Discussion in 'Architecture and Products' started by Dave Baumann, Feb 29, 2004.

  1. bloodbob

    bloodbob Trollipop
    Veteran

    Joined:
    May 23, 2003
    Messages:
    1,630
    Likes Received:
    27
    Location:
    Australia
    Maybe my eye sight is really good or maybe 8 bit compentents aren't enough but I can see the rectangles and you can see banding much better when it moves.
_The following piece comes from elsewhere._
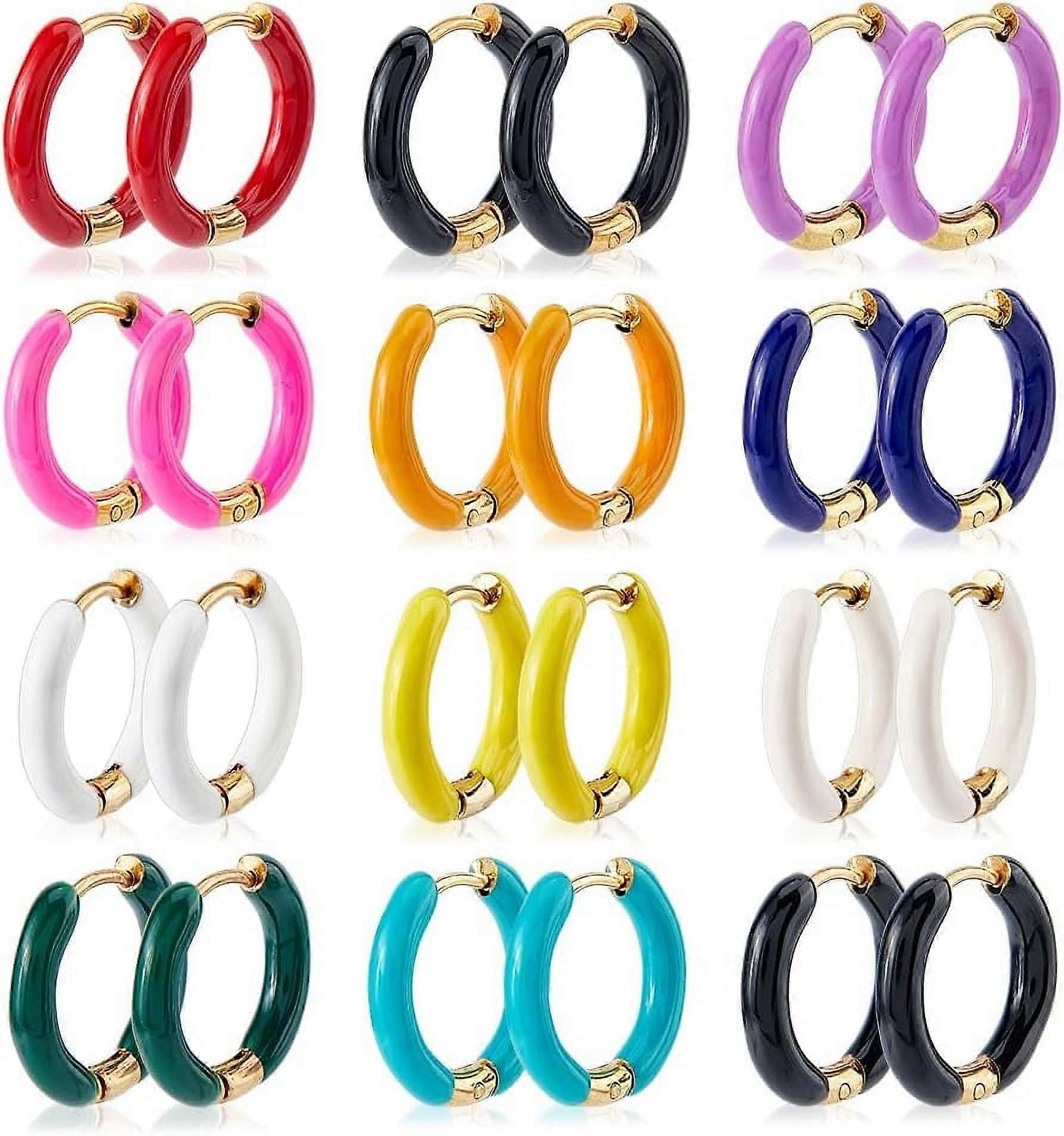 24Pcs 12 Colors Enamel Huggie Hoop Earrings, 12mm Golden Stainless Steel, Cute Statement Earrings Set

    *Removed image it was too small*

    Its not so much that we need more then 16 million colours we don't its that we need more resolution in the luminance you couldn't easily tell the difference if I had slightly altered the luminace.
     
  2. Rolf N

    Rolf N Recurring Membmare
    Veteran

    Joined:
    Aug 18, 2003
    Messages:
    2,494
    Likes Received:
    55
    Location:
    yes
    These slides do nothing but demonstrate just how full of it the peeps at Microsoft are these days.

    Is high dynamic range beneficial for graphics? Yes, certainly. Does Microsoft in any way show an understanding of why this is so? No. Whoever authored these slides doesn't have the slightest clue. He/she/it/them doesn't even seem to understand the difference between range and precision. Duh.
     
  3. rwolf

    rwolf Rock Star
    Regular

    Joined:
    Oct 25, 2002
    Messages:
    968
    Likes Received:
    54
    Location:
    Canada
  4. DemoCoder

    Veteran

    Joined:
    Feb 9, 2002
    Messages:
    4,733
    Likes Received:
    81
    Location:
    California
    the sRGB color space, irrespective of dynamic range, cannot represent the full gamut of the human visual system, and most of our display devices are curtailed in the color reproduction ability.

    It's not the total number of colors, it's the right colors. We actually see less than 16 million colors.
     
  5. Reverend

    Banned

    Joined:
    Jan 31, 2002
    Messages:
    3,266
    Likes Received:
    24
    I'll have somethuing to say about this but I'm in a hurry to meet a client now... later.
     
  6. Magic-Sim

    Newcomer

    Joined:
    Nov 14, 2003
    Messages:
    99
    Likes Received:
    0
    Location:
    Calais (France)
    LeGreg : You shloud defintely play with this demo ( http://www.daionet.gr.jp/~masa/rthdribl/ ) with graphical hardware taht don't revert to FP16 for any reason based on the age of the captain ;)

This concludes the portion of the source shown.